Exponential Model Reduction

expred

When an exponential sum

\[f(t) = \sum_{i=1}^N c_i \mathrm{e}^{-a_i t}, \quad \mathrm{Re}\;a_i > 0\]

is already available, the expred function can find a reduced exponential sum approximation with fewer terms for a given tolerance i.e.

\[\left\|f(t)-\sum_{i=1}^{N'} c_i' \mathrm{e}^{-a_i' t}\right\|<\epsilon, \quad \mathrm{Re}\;a_i' > 0\]

where $N'<N$.

Let a be the vector storing the initial exponents and c be the vector storing the initial coefficients. Here, we consider a sum of 100 terms, which are generated randomly.

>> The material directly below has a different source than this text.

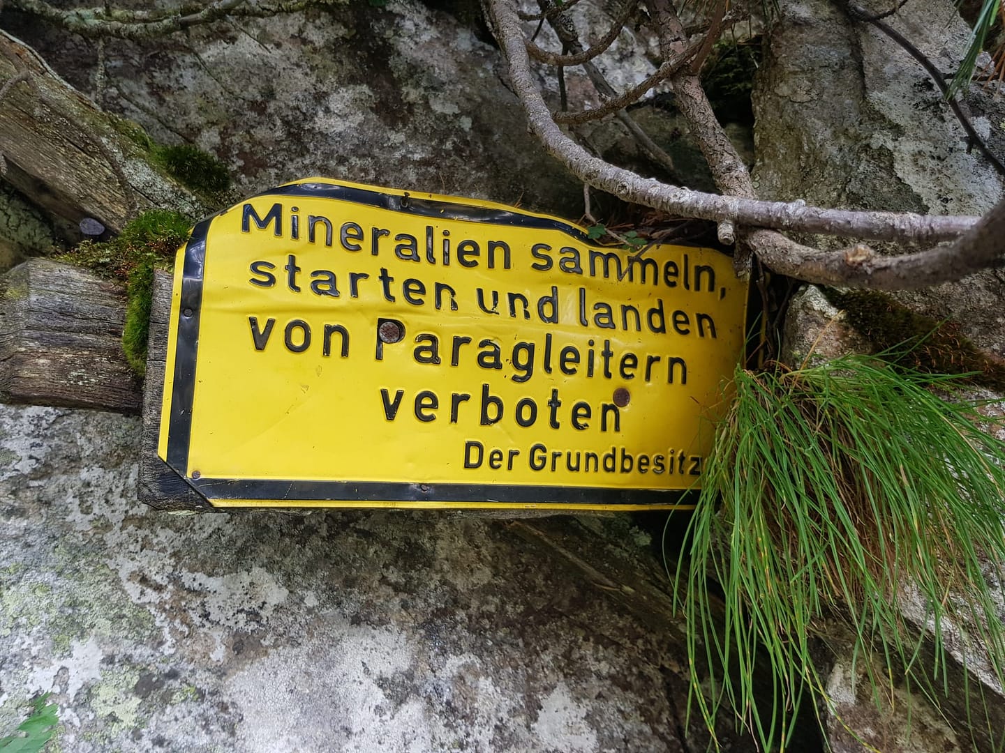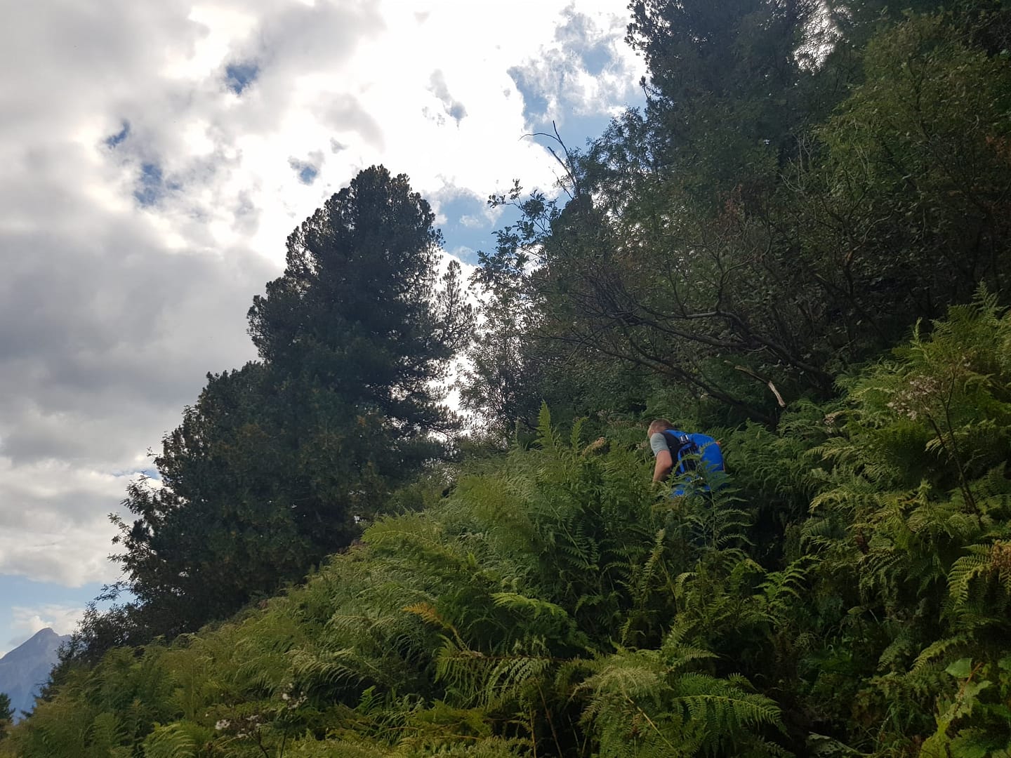 Nach ca. 8,3 km auf 2.060 m verloren wir dann gänzlich den Weg, alles war so zu gewachsen, das wir etwas ratlos überlegten, ob wir nicht doch umkehren sollten, jedoch war der Grashang auch nicht so der Lichtblick. Durch das Gebüsch wühlend, an Grashalmen und dünnen Ästen festhaltend bahnten wir uns dann doch einen Weg durch das Gestrüpp runter zu einem Bach. Diesen überquerend sahen wir ein, in unsren Augen sinnloses, Schild auf einem verwachsenden Felsband, wo der „Pfad“ sich fortsetze.
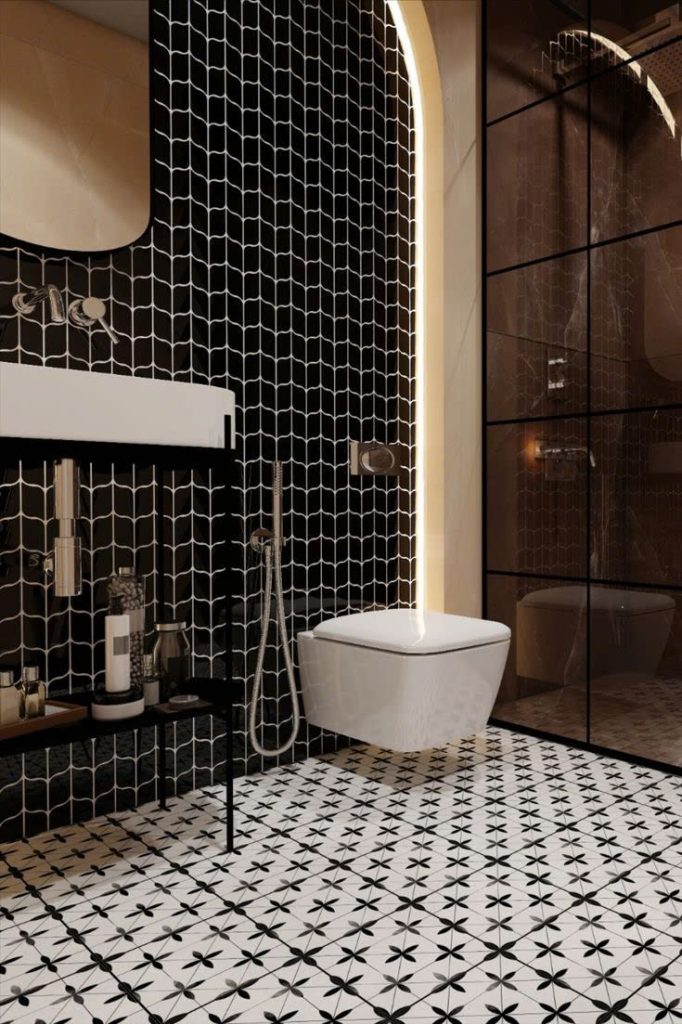 – Hoa văn tối giản đen – trắng, dễ phối cùng nội thất gỗ, xi măng, terrazzo hoặc nhựa giả gỗ

Note that the real part of a must be non-negative.

er = expred(a, c, 1e-2)
print("Approximation order = ", length(er.coeff), "\n")

t = range(0.0, 50.0, length=100)
err = abs.(er.(t) .- Exponentials(a,c).(t))
println("Root mean square = ", norm(err)/sqrt(N))

er is an instance of the Exponentials type.

When executed, the terminal will display the following.

Approximation order = 10
Root mean square = 0.0003602011932219654

The results are also illustrated below.